**TO DO:** The reply should consist solely of the lines from the one with "党课讲稿:坚定不移推进全面从严治党向纵深发展坚决做到讲诚信懂规矩守纪律" through the final line of the listing, copied exactly, with no pictures.

### AVAILABLE DATA ###

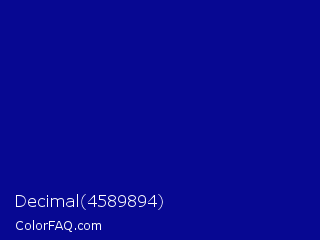 Decimal 4589894 Color is a dark blue color and the nearest color is Ultramarine #120a8f. Hex code #070892 and RGB value is rgb(7,8,146). In RGB color space, this color is composed of 3% red, 3% green, 57% blue, In CMYK color space, this color is composed of 95% cyan, 95% magenta, 0% yellow , 43% black , In HSL color space, this color has a hue angle of 240° , 91% saturation and 30% lightness.
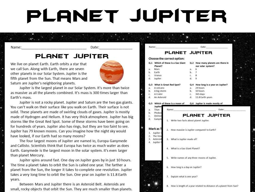 Planet Jupiter Reading Comprehension Passage Printable Worksheet Teaching Resources
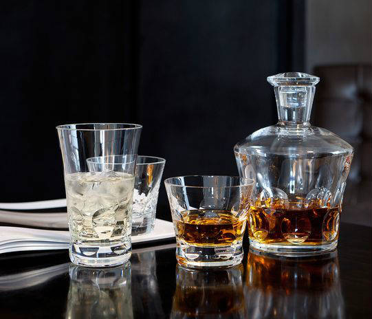 BELUGA HIGHBALL CRYSTAL BACCARAT, Be it single malt or cask strength, first-rate whiskey merits the finery of a Baccarat highball. The lovely circular motif at the base of the Beluga highball glass creates a dappled effect that makes the experience of drinking all the more multifaceted. The Beluga Whiskey Decanter is a perfect complement to create a perfect whiskey bar set.
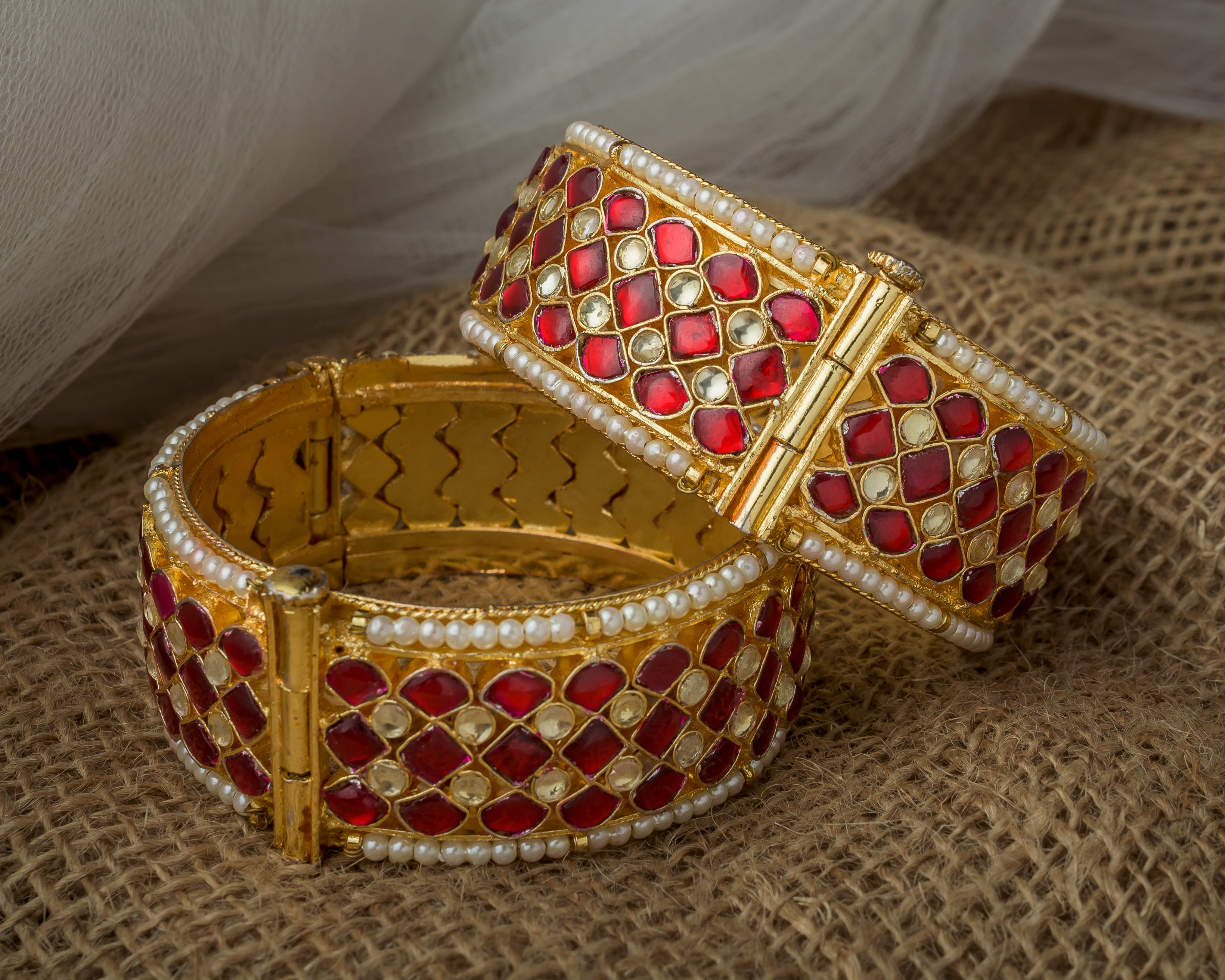 Gold Plated Red Womens Kundan, Polki Pair of bangles
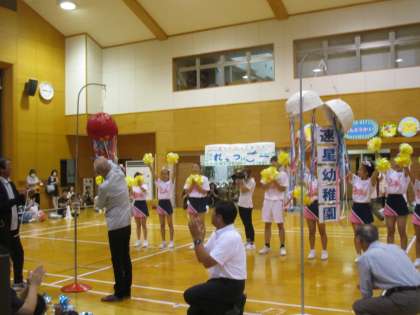 チアリーディングチーム「パピーズ」の皆さんにも会場を盛り上げてもらい、レベルの高い演技に子どもたちも驚いていました。いつもお世話になっている地域の方々には、くす玉を割っていただき会場がより華やかになりました。みんなでこの節目を一緒にお祝いでき、素敵な運動会のスタートとなりました。
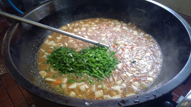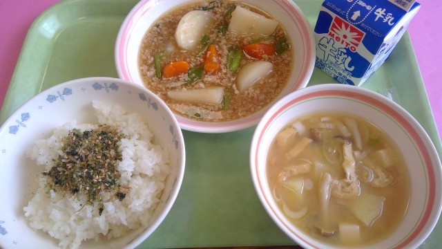 3月~5月に収穫される「春かぶ」は柔らかく、とろける食感が特徴です。今日は、回転釜2台を使って、「かぶのそぼろ煮」を作りました。調理員さんが、綺麗に煮てくれたので美味しく出来上がっていました。
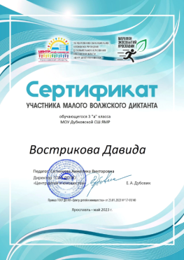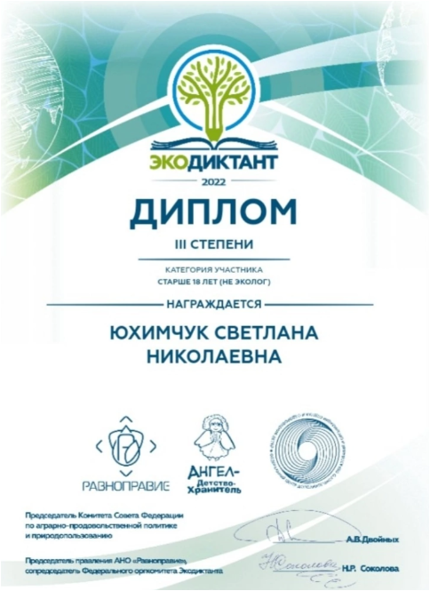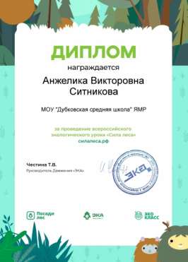 Обучающиеся нашей школы традиционно принимают участие в Региональных и Всероссийских мероприятиях. Каждый год в ноябре месяце ребята становятся участниками Экологического диктанта, где могут показать свои знания, сравнить имеющиеся экологические компетенции с результатами участия ребят из других образовательных учреждений. В этом году наши мальчишки и девчонки подтвердили свои знания в области экологии на практике. Самые знающие экологическую науку ученики принесли школе дипломы победителей и призёров.
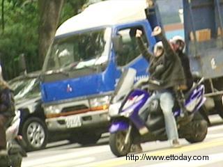 陈水扁陪绿营“立委”参选人在台北市扫街拜票,坐在摩托车上的骑士比出倒扁手势。(东森新闻图)
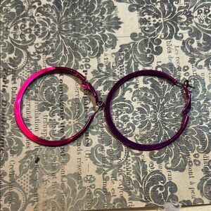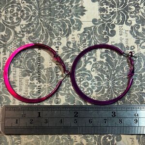 Stylish vibrant pink hoop earrings. Perfect for adding a pop of color. G219
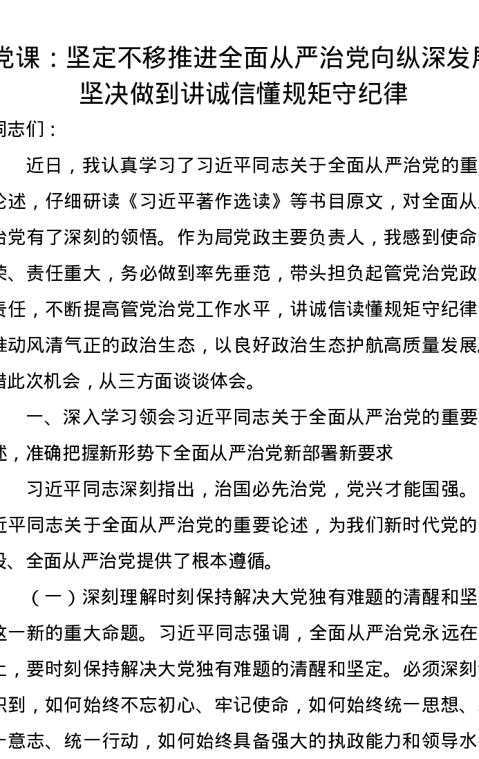 党课讲稿:坚定不移推进全面从严治党向纵深发展坚决做到讲诚信懂规矩守纪律
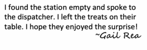 I delivered cookies to Central Fire and Rescue Station No. 3 on Willott Road. The firefighters were surprised and happy to get the goodies. – Susie Weaver

###

**RESULT:**
 党课讲稿:坚定不移推进全面从严治党向纵深发展坚决做到讲诚信懂规矩守纪律
 I delivered cookies to Central Fire and Rescue Station No. 3 on Willott Road. The firefighters were surprised and happy to get the goodies. – Susie Weaver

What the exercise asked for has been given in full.